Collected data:

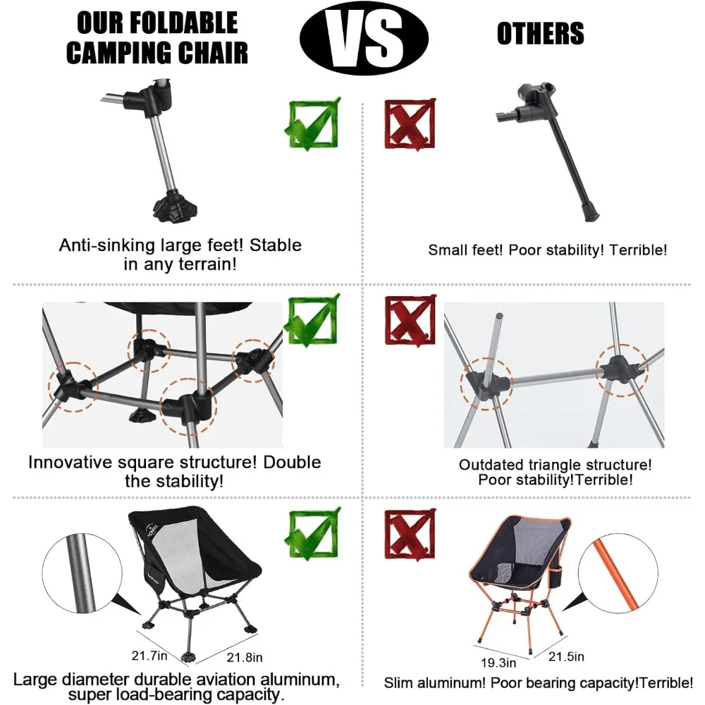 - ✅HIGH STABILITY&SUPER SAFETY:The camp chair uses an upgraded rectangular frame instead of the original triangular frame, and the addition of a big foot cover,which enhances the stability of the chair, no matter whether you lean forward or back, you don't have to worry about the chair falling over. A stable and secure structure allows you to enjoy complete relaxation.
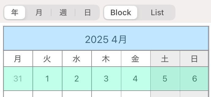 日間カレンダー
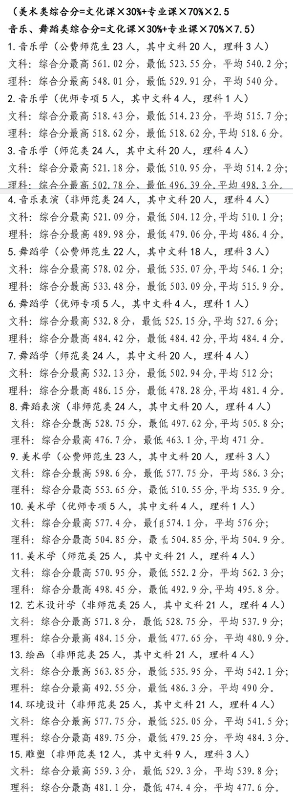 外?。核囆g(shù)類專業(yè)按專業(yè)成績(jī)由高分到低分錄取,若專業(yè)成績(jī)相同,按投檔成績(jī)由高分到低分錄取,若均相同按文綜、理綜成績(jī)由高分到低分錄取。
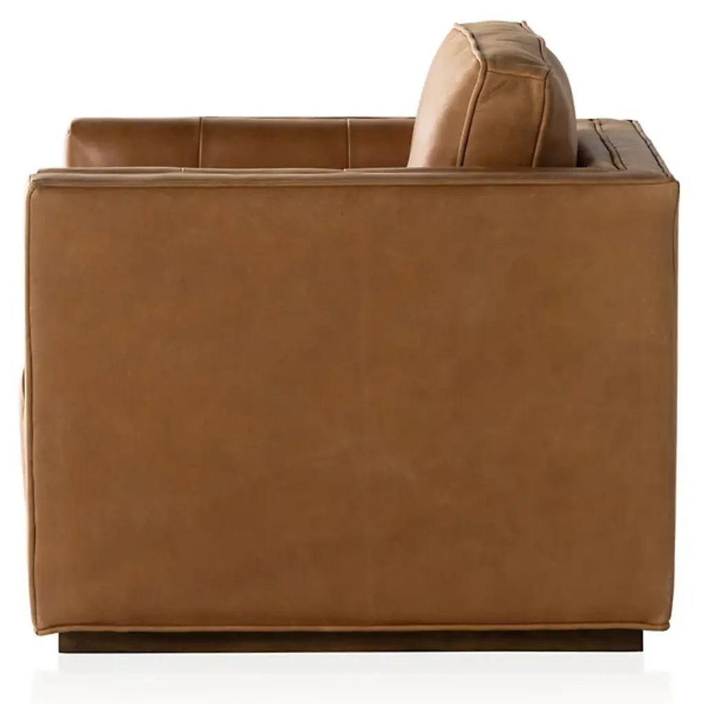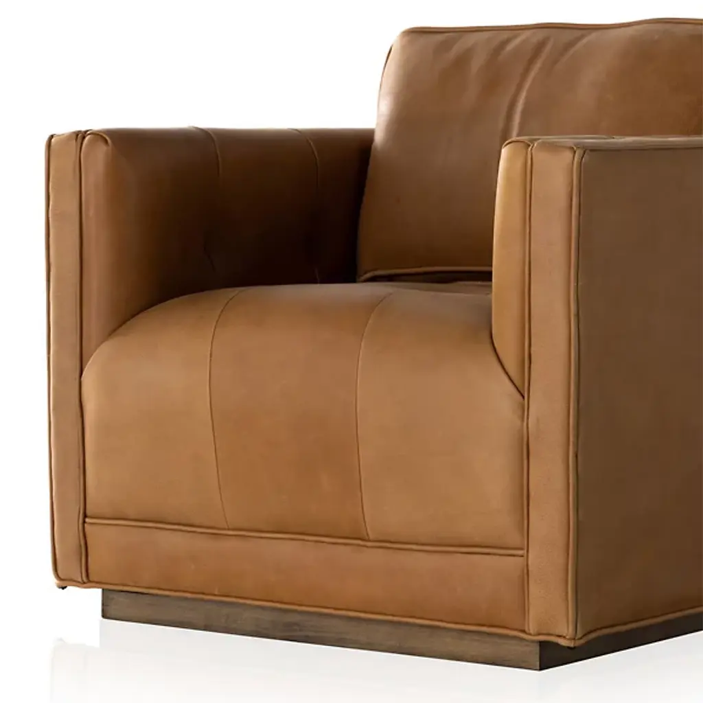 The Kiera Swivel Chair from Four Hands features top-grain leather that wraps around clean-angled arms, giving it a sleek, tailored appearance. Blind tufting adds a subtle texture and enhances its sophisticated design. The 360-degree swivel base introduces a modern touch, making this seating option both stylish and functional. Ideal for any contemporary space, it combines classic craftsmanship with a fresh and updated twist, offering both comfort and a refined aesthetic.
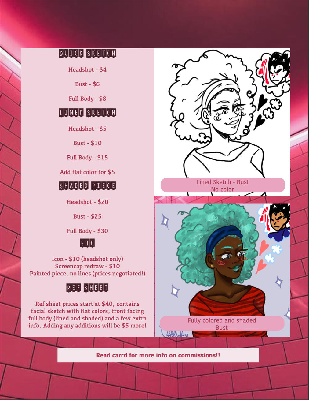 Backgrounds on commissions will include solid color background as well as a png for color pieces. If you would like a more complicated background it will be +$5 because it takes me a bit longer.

Aim of the exercise:
Could you write out the records again exactly, without any of their pictures?

Result of the task:
 - ✅HIGH STABILITY&SUPER SAFETY:The camp chair uses an upgraded rectangular frame instead of the original triangular frame, and the addition of a big foot cover,which enhances the stability of the chair, no matter whether you lean forward or back, you don't have to worry about the chair falling over. A stable and secure structure allows you to enjoy complete relaxation.
 日間カレンダー
 外?。核囆g(shù)類專業(yè)按專業(yè)成績(jī)由高分到低分錄取,若專業(yè)成績(jī)相同,按投檔成績(jī)由高分到低分錄取,若均相同按文綜、理綜成績(jī)由高分到低分錄取。
 The Kiera Swivel Chair from Four Hands features top-grain leather that wraps around clean-angled arms, giving it a sleek, tailored appearance. Blind tufting adds a subtle texture and enhances its sophisticated design. The 360-degree swivel base introduces a modern touch, making this seating option both stylish and functional. Ideal for any contemporary space, it combines classic craftsmanship with a fresh and updated twist, offering both comfort and a refined aesthetic.
 Backgrounds on commissions will include solid color background as well as a png for color pieces. If you would like a more complicated background it will be +$5 because it takes me a bit longer.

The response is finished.